Quality on supervised benchmarks like GLUE / SuperGLUE does sadly not correlate with performance for dense embedding models. Many of the new models, that perform better on GLUE / SuperGLUE, sadly fail to produce good vector spaces.

You can find some benchmarks here:
https://www.sbert.net/docs/pretrained_models.html#sentence-embedding-models

The ‘paraphrase-albert-base-v2’ model performed on par with ‘paraphrase-albert-small-v2’, and both performed worse than e.g. DistilRoBERTa.

So far I made the best experiences with MPNet, but which is sadly not yet available in JAX.

Second best results were achieved by BERT (and variations like TinyBERT, DistilBERT, MiniLM) and RoBERTa.

But the ALBERT model is interesting due to its small size. So if we have enough compute power in that week left, we could also try to tune with ALBERT.

3 Likes

Any reason for not preferring a contrastive learning framework like in this one https://arxiv.org/pdf/2104.08821.pdf?

I’d love to join!

Hey @nreimers,
Cool initiative! Sentence embeddings have been one of my main NLP tool last year and SBert allowed me to bootstrap a few working PoC… Yet it was quite perfectible, specially in custom contexts, in specific domains. So it’s great idea to push this massive study for generic embedding. But I think it would be cool also to study how such embedding can be contextualized or make it easier to contextualize or embed concepts that would allow contextualization etc…

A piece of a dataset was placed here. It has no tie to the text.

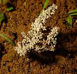 The species was described from Taiwan in 2017 as arising from the soil with a main axis to about 2-5 cm height. There is repeated branching of the structures ending in gray conidium bearing parts. The stipe is black and glabrous with the interior gray to brown. The species is known only from the anamorph and no teleomorphic structures have been observed. The stromata resemble that of Xyloroemium flabelliformis and while most Xylaria produce anamorph and teleomorphs from the same stromata, it has been suggested that the teleomorph may possibly arise from separate stromata as in Xyloroemium.[1] Several Xylaria species are known to be associated with termite nests, growing from the fungus combs of the termites, but many grow on rotting wood and other substrates. No specific substrate was traceable in Xylaria terricola and it appears to grow in soil.[1] The termitophilic Xylaria species are placed in the subgenus Pseudoxylaria. DNA sequence analysis places Xylaria terricola within the termitophile clade.[2]

Finally, having studied & played with this paper “Pay Attention to MLPs” (https://arxiv.org/pdf/2105.08050.pdf) that studies how MLP could be alternative to self-attention in seq2seq models, I would be curious to see how it behaves for sentence embeddings :wink:

Anyway, If I can help, I’d be happy to contribute.

Hi @paws
The loss function in the linked SimCSE paper is just the MultipleNegativesRankingLoss, a loss function that has long been known and used many times to train sentence embeddings. Nothing novel, that loss function was already implemented in version 0.0.1 of sentence-transformers in early 2019.

But this loss function is quite old. I think this paper from 2007 proposed the loss for the first time (known als ListNet): Learning to Rank: From Pairwise Approach to Listwise Approach - Microsoft Research

This paper from 2017 used that loss function and combines it with in-batch negatives (section 4.4): [1705.00652] Efficient Natural Language Response Suggestion for Smart Reply

Many subsequent paper have used it successfully to train embedding models (e.g. [1803.11175] Universal Sentence Encoder, [1810.12836] Learning Cross-Lingual Sentence Representations via a Multi-task Dual-Encoder Model, Training Neural Response Selection for Task-Oriented Dialogue Systems - ACL Anthology, [1911.03688] ConveRT: Efficient and Accurate Conversational Representations from Transformers, [1902.08564] Improving Multilingual Sentence Embedding using Bi-directional Dual Encoder with Additive Margin Softmax, [2007.01852] Language-agnostic BERT Sentence Embedding)

So yes, this approach is one of the most common (and successful) ways to train sentence-embeddings. Hence, it will also be used for this project.

1 Like